Eric Schrock wrote:

1. Some sort of background process to proactively find errors on disks
   in use by ZFS.  This will be accomplished by a background scrubbing
   option, dependent on the block-rewriting work Matt and Mark are
   working on.  This will allow something like "zpool set scrub=2weeks",
   which will tell ZFS to "scrub my data at an interval such that all
   data is touched over a 2 week period".

Obviously, scrubbing and correcting "hard" errors that result in
ZFS checksum errors is very beneficial. However, it won't address the
case of "soft" errors when the disk returns correct data but
observes some problems reading it. There are at least two good reasons
to pay attention to these "soft" errors:

a) Preemptive detection and rewriting of partially defective but
   still correctable sectors may prevent future data loss. Thus,
   it improves perceived reliability of disk drives, which is
   especially important in the JBOD case (including a single-drive JBOD).

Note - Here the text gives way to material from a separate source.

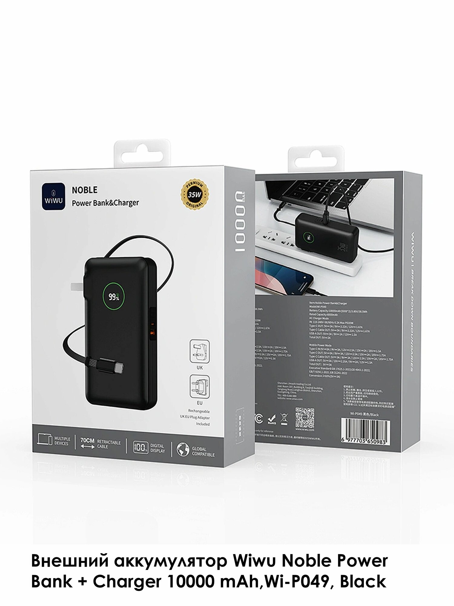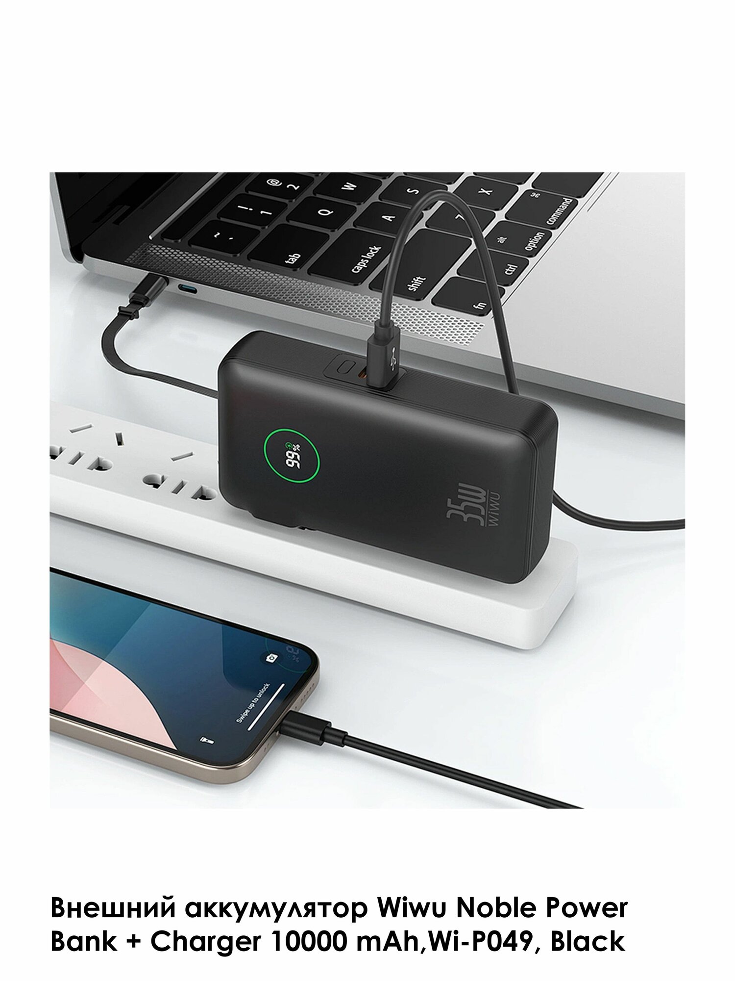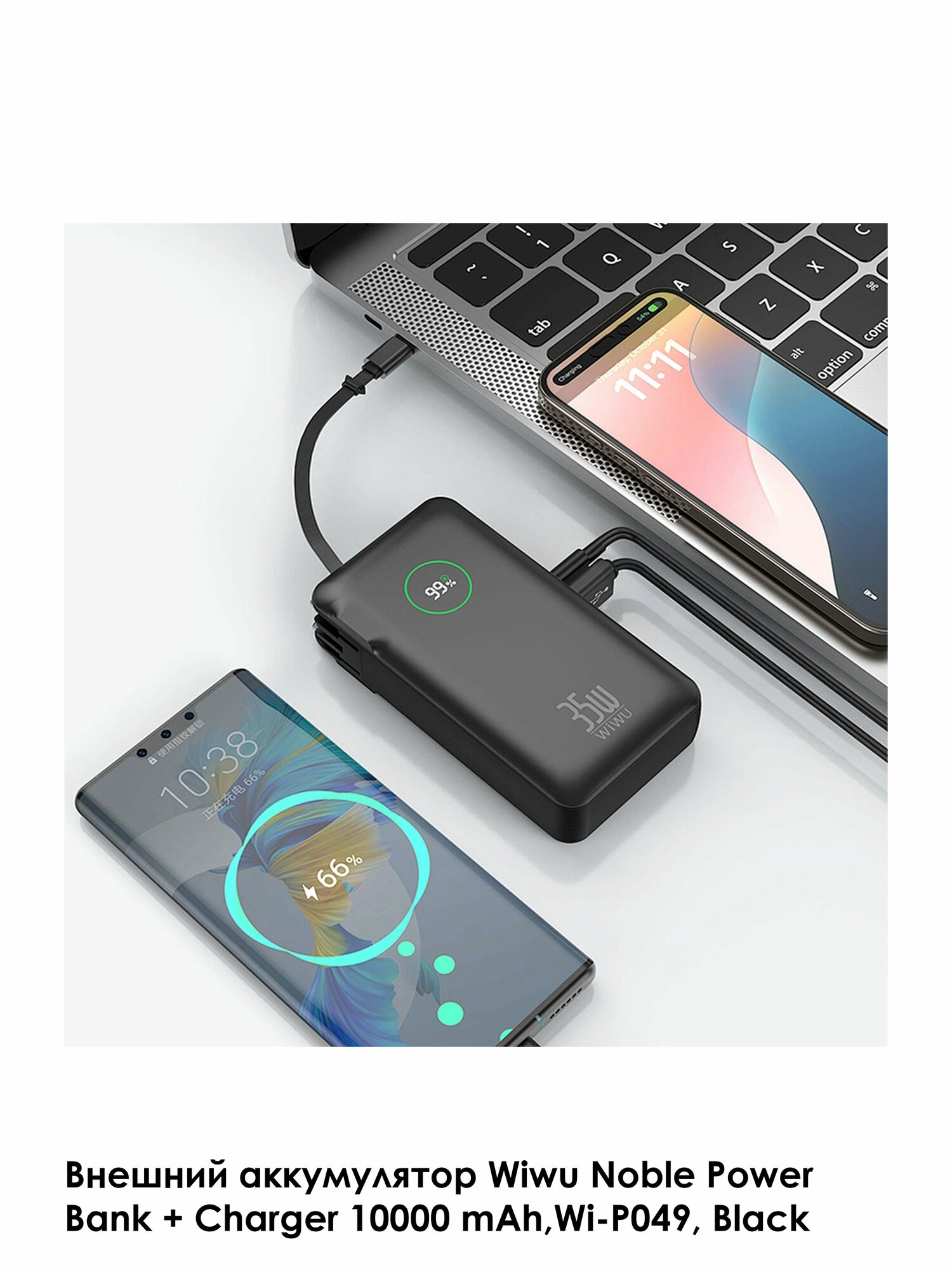 Внешний аккумулятор Wiwu Noble Power Bank + Charger 10000 mAh, 35W, Wi-P049 — черный: сравнение цен, характеристики, фото, актуальное наличие и цены.
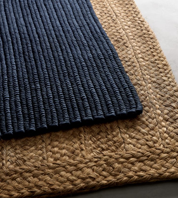 Establish a zen zone with this texture-rich Ross Cassidy design. Made from abaca, a high-quality natural material with soft, glossy fibers and a subtle sheen. Master rug makers dye the abaca a deep navy then hand weave it into an extra thick textural design. Completely unlike traditional fiber rugs, this one is plush and soft with a sophisticated edge. Will literally never go out of style. hea blue abaca rope rug is a CB2 exclusive.

b) It is not uncommon for such successful reads of partially defective
   media to happen only after several retries. It is somewhat unfortunate
   that there is no simple way to tell the drive how many times to retry.
   Firmware in ATA/SATA drives, used predominantly in single-disk PCs,
   will typically do a heroic effort to retrieve the data. It will
   make numerous attempts to reposition the actuator, recalibrate the
   head current, etc. It can take up to 20-40 seconds! Such strategy
   is reasonable for a desktop PC but in it happens in an busy
   enterprise file server it results in a temporary availability loss
   (the drive freezes for up 20-40 seconds every time you try to
   read this sector). Also, this strategy does not make any sense if
   a RAID group in which the drive participates has redundant data
   elsewhere, which is why SCSI/FC drives give up after a few retries.

One can detect (and repair) such problematic areas on disk by monitoring
the  SMART counters during scrubbing, and/or by monitoring physical
read timings (looking for abnormally slow ones).